Что мне с тех пор страшна понынь его гроза

Как дрожью тело пробирает при мысли о его глазах.

Неужто сгинуть мне в пару и чаде, средь мыла

Я не того желал, не для того дана мне сила!

Крашеный сделал решительный шаг к напарнику, глаза его горели гневным огнем, он с силой сжал мочалку, так, что из нее потекла густая грязноватая пена, и с вызовом пропел:

Как смеешь ты отречься?

Тебе бы смерти остеречься!

Измены подлой не потерпит банник!

Воды и пара названный избранник!

Усатый попятился, картинно оступился о валявшийся банный веник, и, распластавшись на полу, в мольбе протянул руки к Крашеному:

Сжалься!

Не то мне грезилось, когда родился!

Еще водою жизни сполну не напился!

Крашеный демонически рассмеялся, поставил свою грязную ногу на плечо Усатому и грозно молвил:

Кто предал банника, тому воды не пить!

– он театрально обернул голову к зрителям и вопросил:

Какая участь ждет его?

– Убиииииить! – заревела толпа и принялась топать ногами.

Так быть или не быть?

– еще громче рявкнул Крашеный.

– Убииииить предателя, убиииииить! – кричала неистовая толпа.

Крашеный схватил протянутое кем-то бритвенное лезвие, на котором виднелись остатки пены и чьих-то волос и занес его над напарником.

IV

Когда небо стало заволакивать тяжёлыми тучами и ударила первая молния, расколовшая пополам одинокую сосенку, в верстах десяти от Чумщска, по извилистой горной тропе резво спустилась на проселочную дорогу весьма необычная карета, запряженная тремя черными рысаками. Их мощные бока лоснились от пота в свете полной луны, которую ещё не закрыли тучи, а металлические трензеля, сжатые крепкими ослепительно белыми на фоне ночи зубами коней, казалось, вот вот треснут и рассыплются как хрупкий императорский фарфор.

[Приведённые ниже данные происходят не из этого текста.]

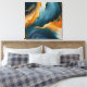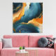 Esta refinada obra de arte abstrata captura o luxo silencioso do movimento fluido, onde os azuis profundos do oceano se encontram com o ouro derretido em uma dança lenta e elegante. Formas suaves e fluidas ondulam pela composição como pedra polida, metal líquido ou correntes submarinas, criando uma sensação de profundidade e harmonia natural. Os acentos dourados parecem estar organicamente incorporados aos tons azuis, adicionando calor, riqueza e um sutil senso de opulência.

Кучер рысаков не жалел. Кнут взлетал так часто и так яростно, что чудилось будто гром – это не запоздалый глас молнии, а звук хлыста, рассекающего воздух. Дождь доселе ненавязчивый, еле-еле накрапывающий, набирал силу, увереннее и наглее забарабанил по крыше экипажа. Вновь ударила молния, не далее чем в одной версте от кареты – в кукурузном поле, и озарила на мгновение экипаж. Скрюченный на козлах кучер в глухом капюшоне, напоминал не то гнома, не то карла в огромных кожаных сапогах, его голос, назначавшийся коням, потонул в раскатах грома, поэтому распознать, что он выкрикнул, кроме “АААГРЫЫЫ…”, было невозможно.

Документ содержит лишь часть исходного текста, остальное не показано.